- Region: Sahiwal Tehsil (partly) including Harappa and Chichawatni Tehsil (partly) of Sahiwal District
- Electorate: 580,075

Current constituency
- Party: PTI
- Member: Chaudhary Usman Ali
- Created from: NA-161 Sahiwal-II

= NA-142 Sahiwal-II =

Constituency of the National Assembly of Pakistan

NA-142 Sahiwal-II is a constituency for the National Assembly of Pakistan.

== Election 2002 ==

General elections were held on 10 October 2002. Rana Tariq Javed (independent candidate) won by 42,885 votes. He then joined the Pakistan Muslim League (Q).

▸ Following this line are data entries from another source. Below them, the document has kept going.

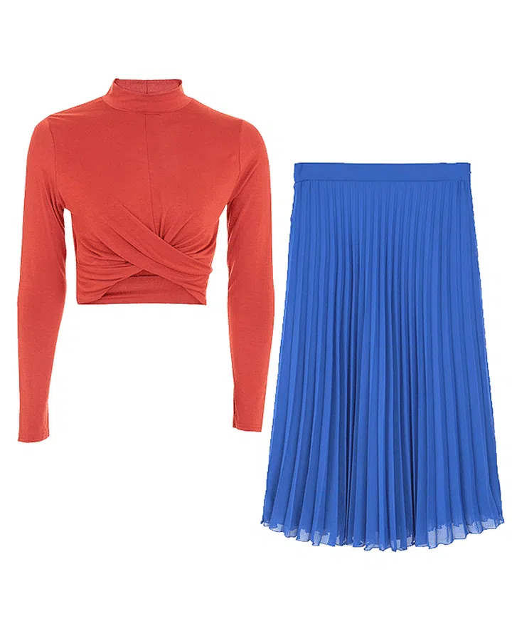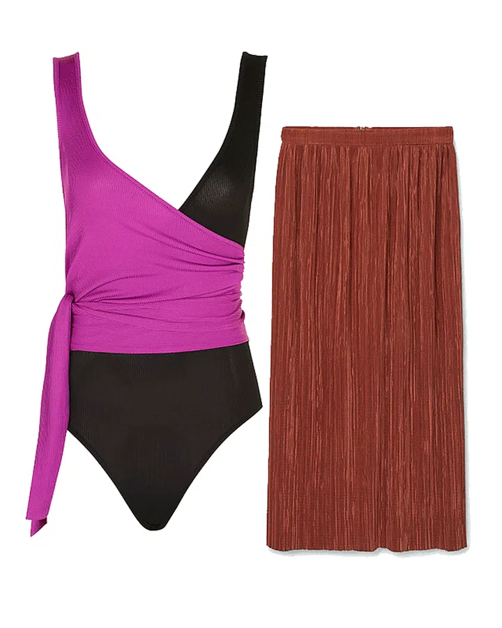 Oh, how we love a sexy piece that already does all the colour-blocking for us. Throw on a pleated copper brown skirt to balance out the fitted silhouette of the bodysuit and amplify the glam feel. Now we’re ready for a party! Photo: Topshop, Mango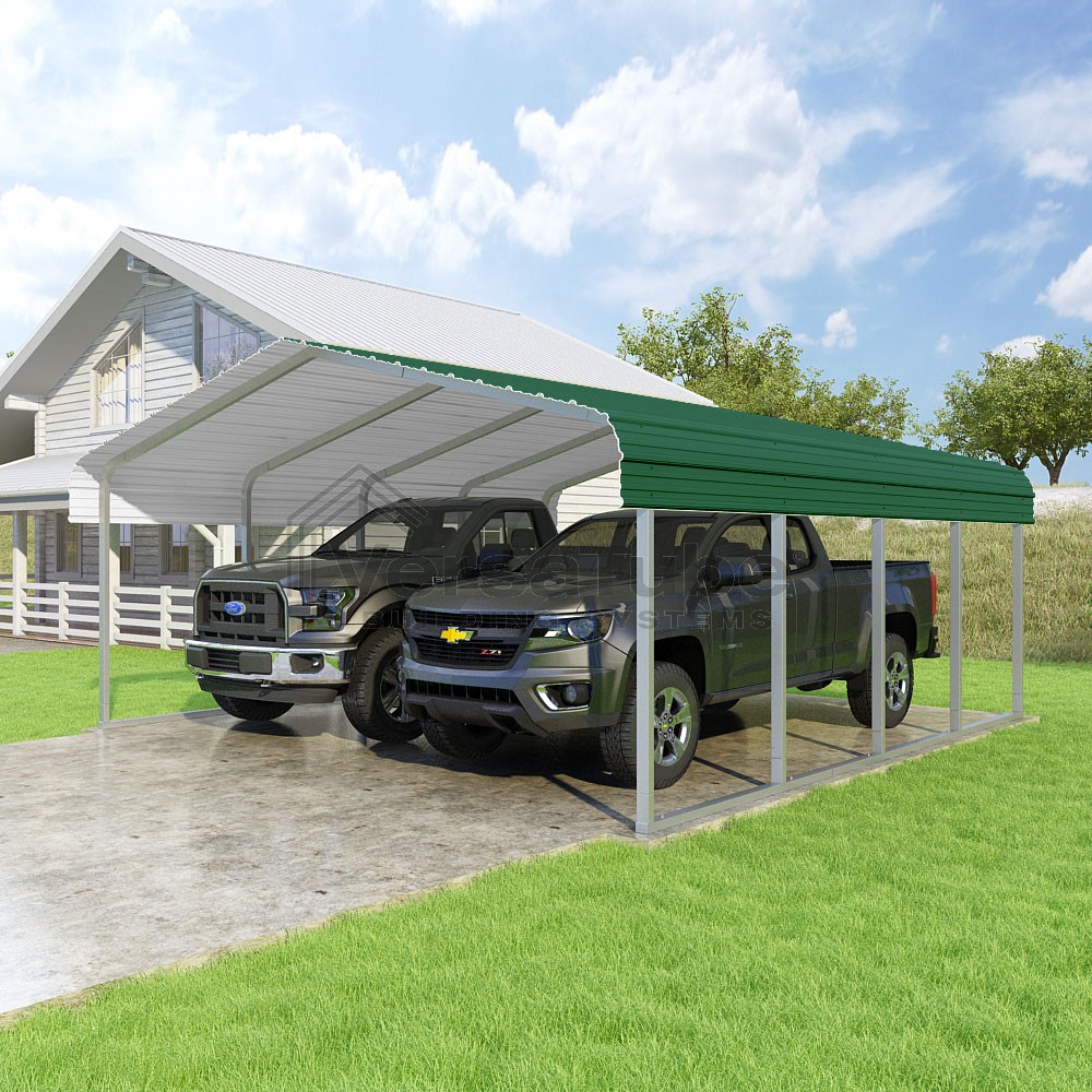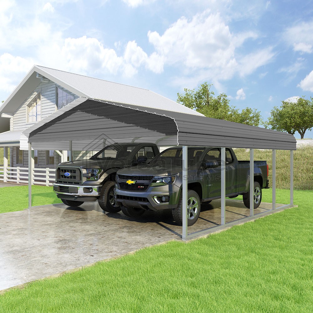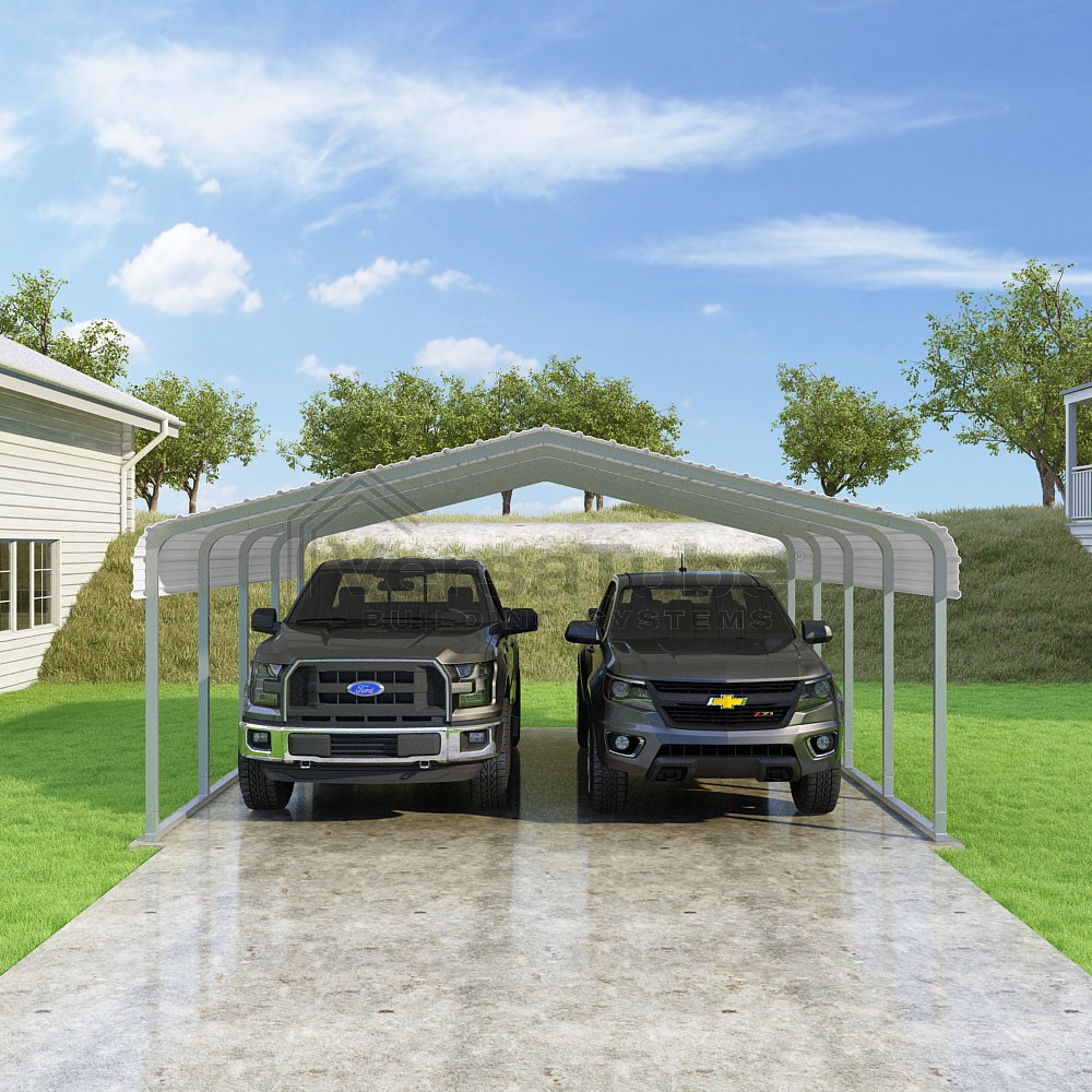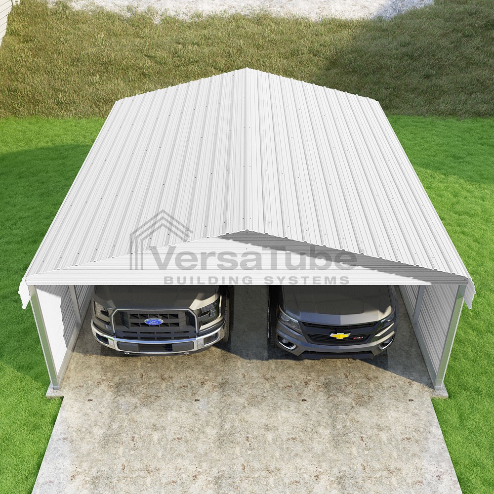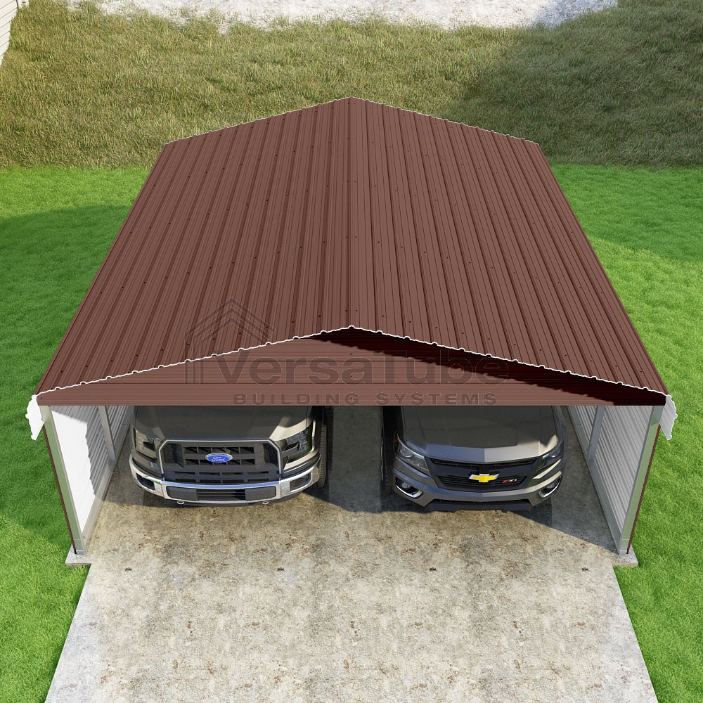 Classic Series DIY carport kit features horizontal application of sheet metal panels with the extra protection of rounded eaves.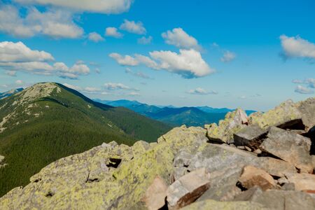 Carpathian mountains on the territory of Ukraine. Spring, Summer and Autumn in the Mountains. Mountain ranges and peaks. Sky and clouds. Ruins and rocks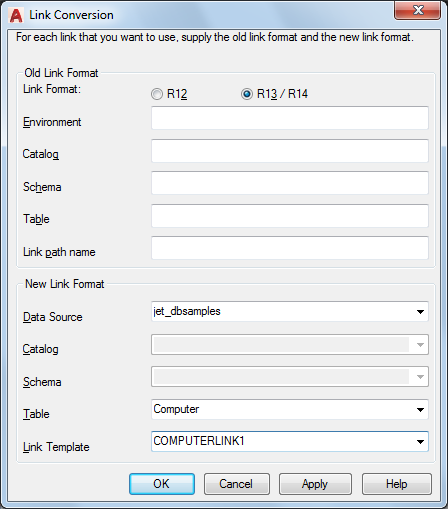 In Catalog, enter the name of the Release 13 or Release 14 catalog for the link that you want to convert.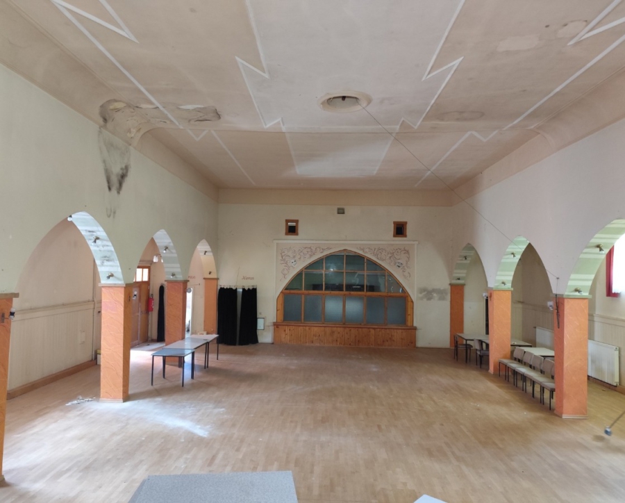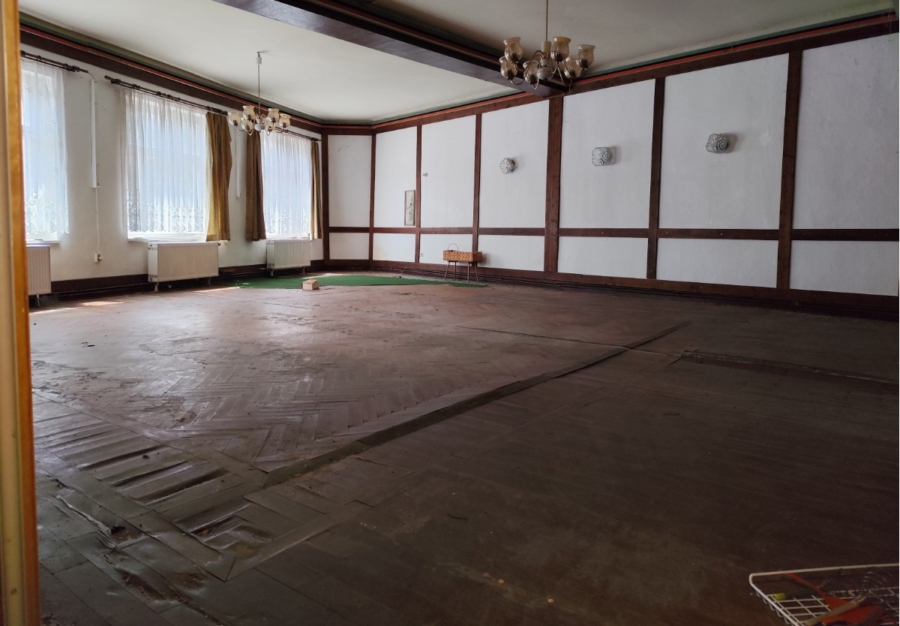 Das separate Nebengebäude umfasst einen großzügigen Veranstaltungssaal mit Bühne, der sich hervorragend für kulturelle, kreative oder touristische Nutzungen eignet.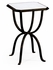 Available in Bronze, Gold & Silver. Contemporary wrought iron small octagonal side table with distressed bronze finish and handpainted gold borders to the silver leaf eglomise glass top. Curved bunched horseshoe legs beneath.
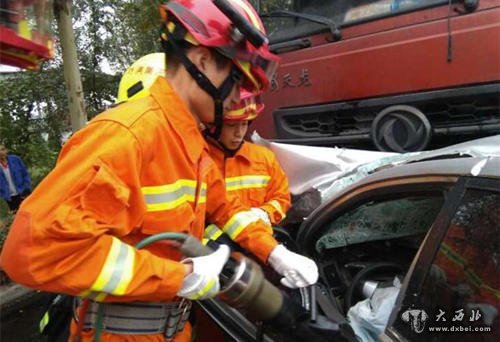 消防官兵立即用液压破拆工具对轿车进行破拆,将被困者周围障碍物进行清除。

General election 2002: NA-161 Sahiwal-II
| Party |  | Candidate | Votes | % | ±% |
|---|---|---|---|---|---|
|  | Pakistan Shia Political Party | Rana Tariq Javed | 42,855 | 34.85 |  |
|  | PML(Q) | Chaudhary Muhammad Ashraf | 38,207 | 31.07 |  |
|  | PPP | Ghulam Farid Kathia | 33,016 | 26.85 |  |
|  | PML(N) | Ehsan-Ul-Haq Idrees | 8,882 | 7.23 |  |
| Turnout |  |  | 127,661 | 47.13 |  |
| Total valid votes |  |  | 122,960 | 96.32 |  |
| Rejected ballots |  |  | 4,701 | 3.68 |  |
| Majority |  |  | 4,648 | 3.78 |  |
| Registered electors |  |  | 270,851 |  |  |

== Election 2008 ==

General elections were held on 18 February 2008. Ghulam Farid Kathia of PPP won by 38,926 votes.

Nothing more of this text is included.